» SUPPLIED MATERIAL
%%

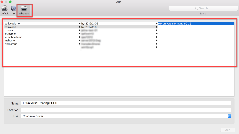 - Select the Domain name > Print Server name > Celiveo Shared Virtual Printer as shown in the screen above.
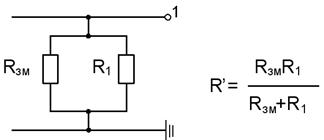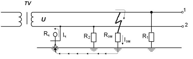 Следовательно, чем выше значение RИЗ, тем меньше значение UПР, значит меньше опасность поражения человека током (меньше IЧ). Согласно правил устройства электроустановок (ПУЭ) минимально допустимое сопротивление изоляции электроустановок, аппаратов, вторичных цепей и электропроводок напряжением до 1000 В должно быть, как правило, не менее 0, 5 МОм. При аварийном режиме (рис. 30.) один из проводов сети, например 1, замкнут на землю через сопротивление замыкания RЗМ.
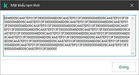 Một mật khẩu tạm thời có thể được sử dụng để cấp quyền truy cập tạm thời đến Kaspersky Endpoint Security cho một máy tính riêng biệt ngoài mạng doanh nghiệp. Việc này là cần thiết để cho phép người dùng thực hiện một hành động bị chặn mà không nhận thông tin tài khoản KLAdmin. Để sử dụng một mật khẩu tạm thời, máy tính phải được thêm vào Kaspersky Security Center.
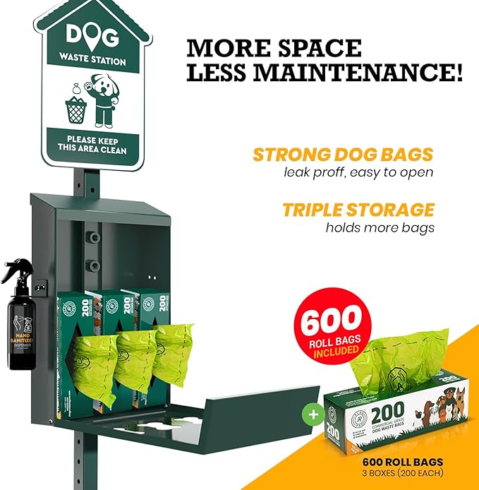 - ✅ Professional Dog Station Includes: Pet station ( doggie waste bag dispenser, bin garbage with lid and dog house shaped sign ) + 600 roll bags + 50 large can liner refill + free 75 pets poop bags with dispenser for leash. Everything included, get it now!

%%

Counting the line with "Một mật khẩu tạm thời có" and the last line of the data above, transcribe those two lines and every line between them exactly, without the pictures.

» EXPECTED ANSWER
 Một mật khẩu tạm thời có thể được sử dụng để cấp quyền truy cập tạm thời đến Kaspersky Endpoint Security cho một máy tính riêng biệt ngoài mạng doanh nghiệp. Việc này là cần thiết để cho phép người dùng thực hiện một hành động bị chặn mà không nhận thông tin tài khoản KLAdmin. Để sử dụng một mật khẩu tạm thời, máy tính phải được thêm vào Kaspersky Security Center.
 - ✅ Professional Dog Station Includes: Pet station ( doggie waste bag dispenser, bin garbage with lid and dog house shaped sign ) + 600 roll bags + 50 large can liner refill + free 75 pets poop bags with dispenser for leash. Everything included, get it now!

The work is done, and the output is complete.